# [Task objective]
Omit all images, then repeat exactly the lines below from the one containing "W.A.R.R.I.O.R.S. Youth Group" through the one containing "It is a blessing", both ends included.

(Beginning of Input)

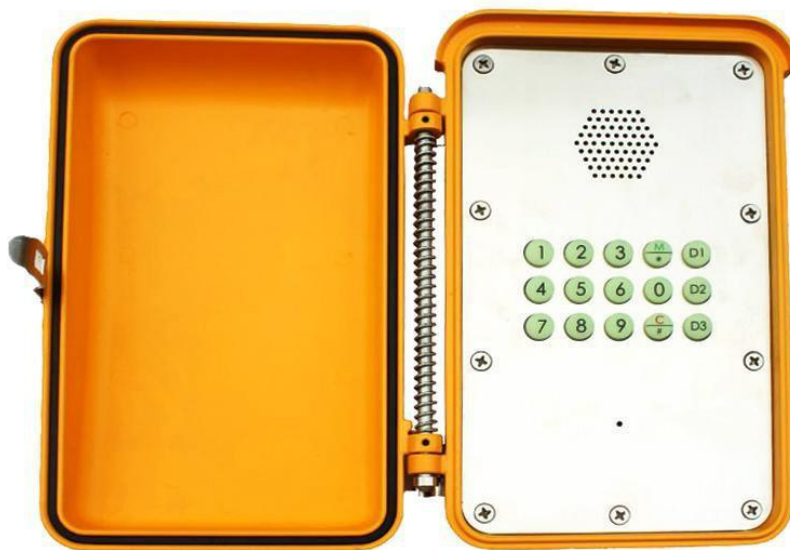
VOIP KNSP-13MT-IP-Y Waterproof Telephone
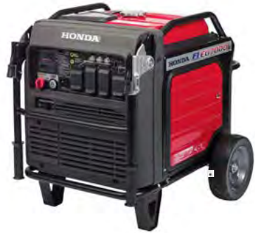
Honda EU7000 Model | Rental Price $200 [ To be used when power specs can not be supplied ]
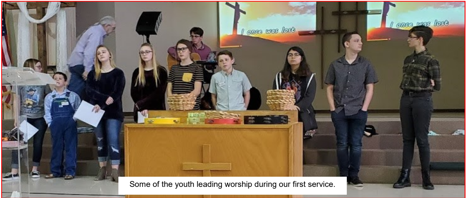
Some of the youth leading worship during our first service.

W.A.R.R.I.O.R.S. Youth Group is open to all kids 6th grade—12th
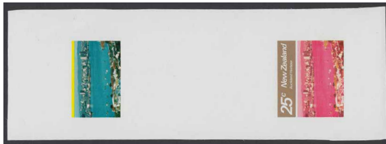
Fournier Archive Proof 1980 Scenic 25c Auckland Harbour lot 1(c)
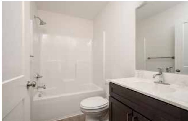
Full Ensuite Primary Bathroom
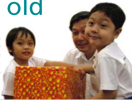
It is a blessing to give: Presenting the hong baos and mandarin oranges to St Luke's Hospital.

About 160 children, aged four to six, from Pasir Ris Bethesda Kindergarten visited elderly patients at St Luke's Hospital during Chinese New Year. The children sang, danced, gave mandarin oranges and spread cheer to patients. While singing, the children walked around and shook the patients' hands. The children also donated their hong baos to the hospital's Patient Welfare Fund, which is used to help the needy patients.
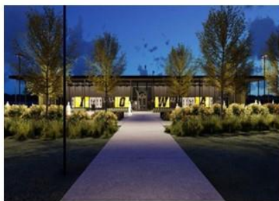
GOSCHKE FAMILY WRESTLING TRAINING CENTER

(End of Input)

# [Response below]
W.A.R.R.I.O.R.S. Youth Group is open to all kids 6th grade—12th
Fournier Archive Proof 1980 Scenic 25c Auckland Harbour lot 1(c)
Full Ensuite Primary Bathroom
It is a blessing to give: Presenting the hong baos and mandarin oranges to St Luke's Hospital.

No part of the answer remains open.